Note: This bug is displayed in read-only format because the product is no longer active in Red Hat Bugzilla.

Bug 1109544

Summary:

host fail to become "UP", from maintenance, following VMs migration.

Product:

Red Hat Enterprise Virtualization Manager

Reporter:

Ilanit Stein <istein>

Component:

ovirt-engine

Assignee:

Nobody <nobody>

Status:

CLOSED NOTABUG

QA Contact:

Ilanit Stein <istein>

Severity:

high

Docs Contact:

Priority:

unspecified

Version:

3.4.0

CC:

acathrow, gklein, iheim, lpeer, oourfali, Rhev-m-bugs, yeylon

Target Milestone:

---

Target Release:

---

Hardware:

Unspecified

OS:

Unspecified

Whiteboard:

virt

Fixed In Version:

Doc Type:

Bug Fix

Doc Text:

Story Points:

---

Clone Of:

Environment:

Last Closed:

2014-06-17 10:43:50 UTC

Type:

Bug

Regression:

---

Mount Type:

---

Documentation:

---

CRM:

Verified Versions:

Category:

---

oVirt Team:

---

RHEL 7.3 requirements from Atomic Host:

Cloudforms Team:

---

Target Upstream Version:

Embargoed:

Attachments:

Description	Flags
host1 event log	none
engine log	none
host2 vdsm log	none
host 2 libvirt log	none
host1 vdsm log	none
host1 libvirt log	none

Description Ilanit Stein 2014-06-15 07:02:16 UTC

Description of problem:
host1(rhev-h) run 5 VMs. Turn host1 to maintenance. All VMs migrated to host2 (rhel6.5). Activate host1 - fail to become "UP":

Fail to access storage domain (iscsi), cannot access storage pool, 
and "Available memory of host1 [0 MB] is under defined threshold [1024 MB]" single event.
Eventually after ~1 hour, host was removed, and reinstalled, after network error, and recovery from crash, it became up, shortly after installed.
 

Version-Release number of selected component (if applicable):
engine: av9.4
host1 rhev-h 6.5 20140603.2.el6ev
host2 rhel6.5)
vdsm, libvirt for both hosts:
vdsm-4.14.7-3.el6ev.x86_64, 
libvirt-0.10.2-29.el6_5.8.x86_64

How reproducible:
Did not try to reproduce

Actual results:
host1 should have turned up.

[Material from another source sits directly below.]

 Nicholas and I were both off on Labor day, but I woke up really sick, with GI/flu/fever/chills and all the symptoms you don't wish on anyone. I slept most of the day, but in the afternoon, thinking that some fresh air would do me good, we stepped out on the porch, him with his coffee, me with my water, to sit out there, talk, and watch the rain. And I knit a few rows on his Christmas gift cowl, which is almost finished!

There should not have been error on access to storage domain, or warning on host available memory 0

Additional info:
Each VM has 1024M memory, installed with rhel6.5 + guest agent.

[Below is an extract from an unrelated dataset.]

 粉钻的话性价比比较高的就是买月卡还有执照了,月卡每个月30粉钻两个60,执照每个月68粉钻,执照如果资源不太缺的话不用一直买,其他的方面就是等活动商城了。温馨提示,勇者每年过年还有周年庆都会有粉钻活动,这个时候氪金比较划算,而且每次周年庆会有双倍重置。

There is automatic test, which passes: 2 rhel hosts, with 5 VMs running. Put host1 to maintenance, and after migration, put host 1 back up, and turn host2 to maintenance.

Comment 1 Ilanit Stein 2014-06-15 07:06:22 UTC

Created attachment 908886 [details]
host1 event log

Comment 2 Ilanit Stein 2014-06-15 07:19:58 UTC

Created attachment 908887 [details]
engine log

Comment 3 Ilanit Stein 2014-06-15 07:39:59 UTC

Created attachment 908889 [details]
host2 vdsm log

Comment 4 Ilanit Stein 2014-06-15 07:40:33 UTC

Created attachment 908890 [details]
host 2 libvirt log

Comment 5 Ilanit Stein 2014-06-15 07:48:25 UTC

Created attachment 908891 [details]
host1 vdsm log

Comment 6 Ilanit Stein 2014-06-15 07:48:57 UTC

Created attachment 908892 [details]
host1 libvirt log

Comment 8 Ilanit Stein 2014-06-15 08:55:56 UTC

Problem did not reproduce:

Run 5 VMs on host1,
Move host1 to maintenance.
error event: Failed to switch to maintenance,
But right after this error, events for all VMs migrations to host2 were completed,
and host1 became in maintenance.
Then, activate host1 worked fine.

Comment 9 Ilanit Stein 2014-06-17 10:43:50 UTC

QE storage guys investigation showed the problem to activate host, occurred because the hosts contained many old storage connections, that made the storage domain connection very long, more than 3 min, which is the default timeout configured in /etc/multipath.conf.
The host connection to storage succeeded eventually, but as timeout expired, engine considered it as a failure.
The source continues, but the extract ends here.